## TASK DETAILS
Exactly the lines from the one containing "本次招聘最終解釋權(quán" through the end of the listing below are required, restated word for word and without pictures.

## AVAILABLE DATA
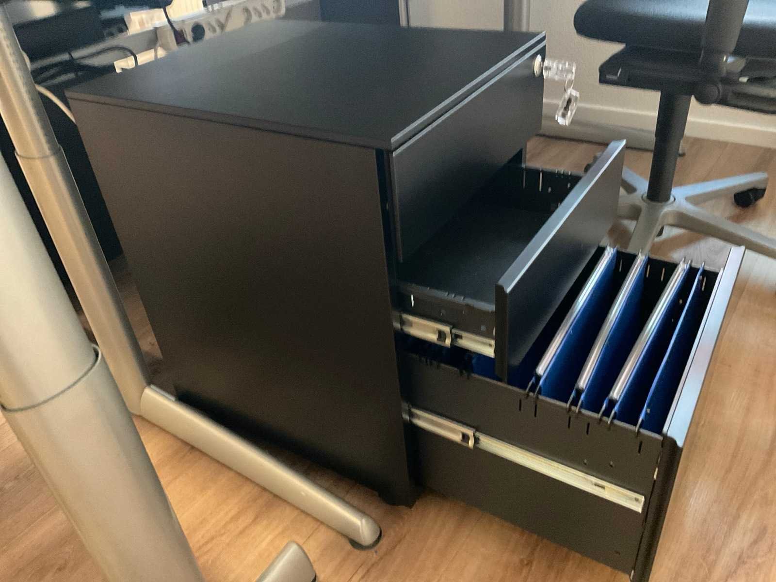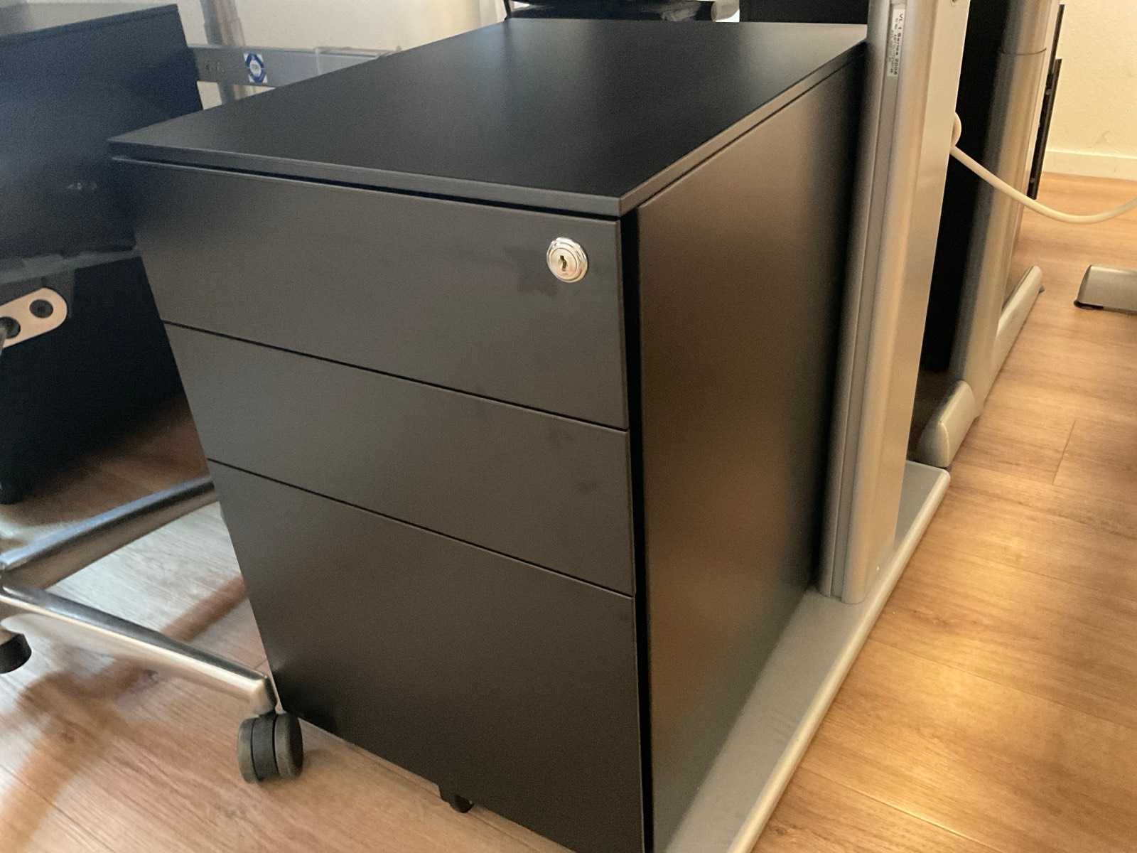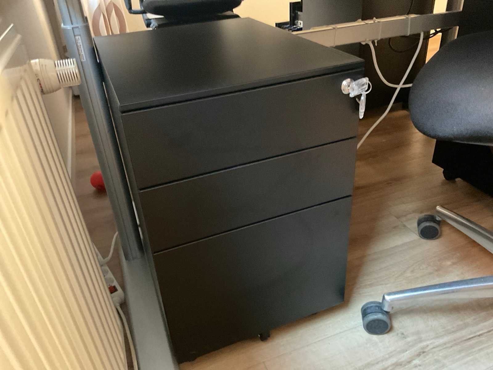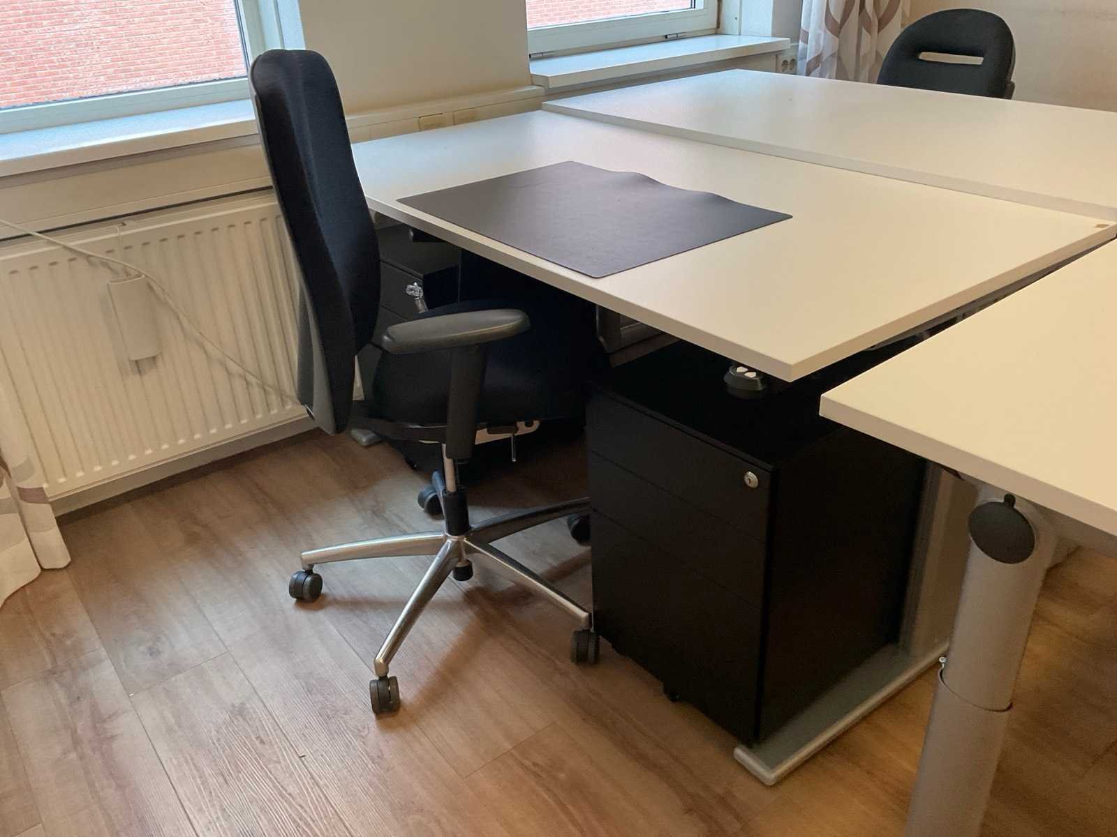 3 x bureau, 2 bureaustoelen, vergaderstoel, 4 x ladeblok, wanddecoratie en 2 x kapstok. 1 bureau is elektrisch verstelbaar. Lengte: 160cm Breedte: 80cm Hoogte: 80cm
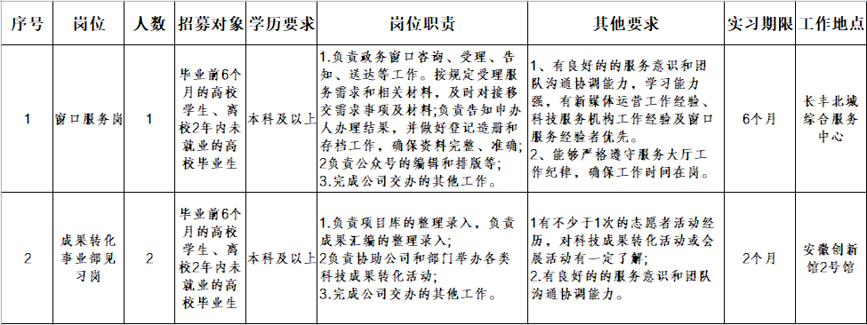 本次招聘最終解釋權(quán)歸安徽科技大市場建設(shè)運(yùn)營有限責(zé)任公司所有,若未有符合崗位能力要求的人員報(bào)名,則按照實(shí)際情況進(jìn)行崗位核減。
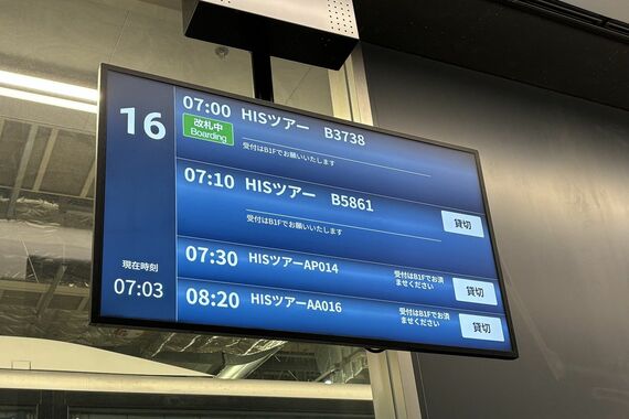 また、バスタ八重洲では23年秋からは路線バスだけでなく、ツアーバスや貸切バスの発着も始まっており、1月のある日に訪れた時には、HISのツアーバスが4本立て続けに出発する盛況ぶりであった。
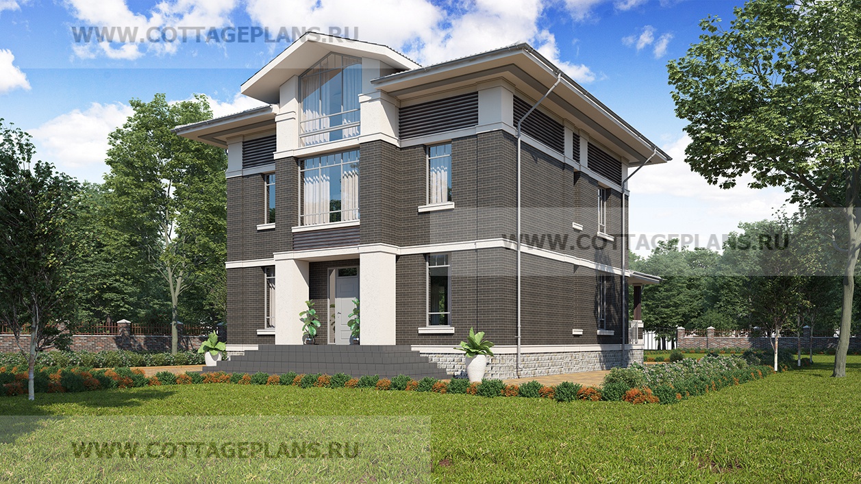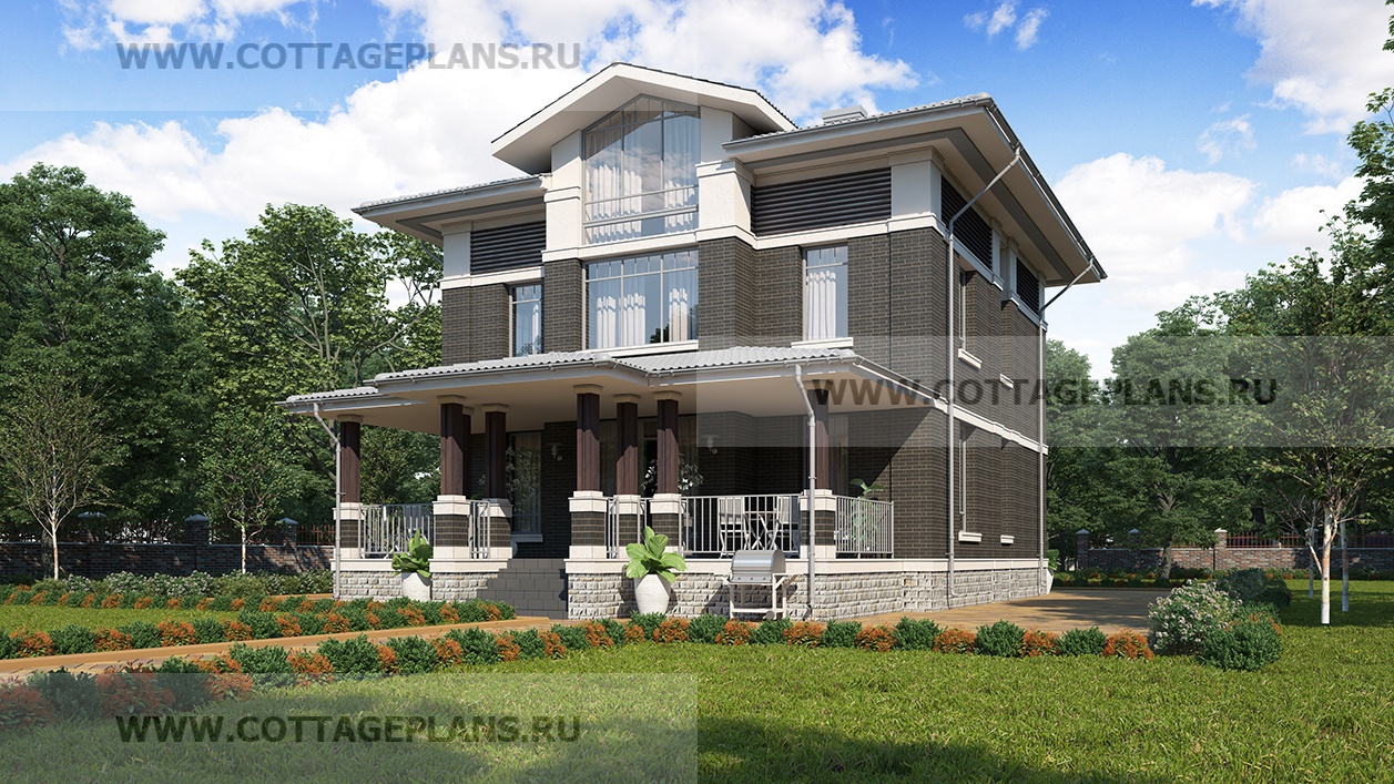 Проект дома 74-86 площадь 225.3 м2* из пеноблоков, газоблоков, трёхэтажный с мансардой, с семью спальнями

## SOLUTION TO THIS PROBLEM
 本次招聘最終解釋權(quán)歸安徽科技大市場建設(shè)運(yùn)營有限責(zé)任公司所有,若未有符合崗位能力要求的人員報(bào)名,則按照實(shí)際情況進(jìn)行崗位核減。
 また、バスタ八重洲では23年秋からは路線バスだけでなく、ツアーバスや貸切バスの発着も始まっており、1月のある日に訪れた時には、HISのツアーバスが4本立て続けに出発する盛況ぶりであった。
 Проект дома 74-86 площадь 225.3 м2* из пеноблоков, газоблоков, трёхэтажный с мансардой, с семью спальнями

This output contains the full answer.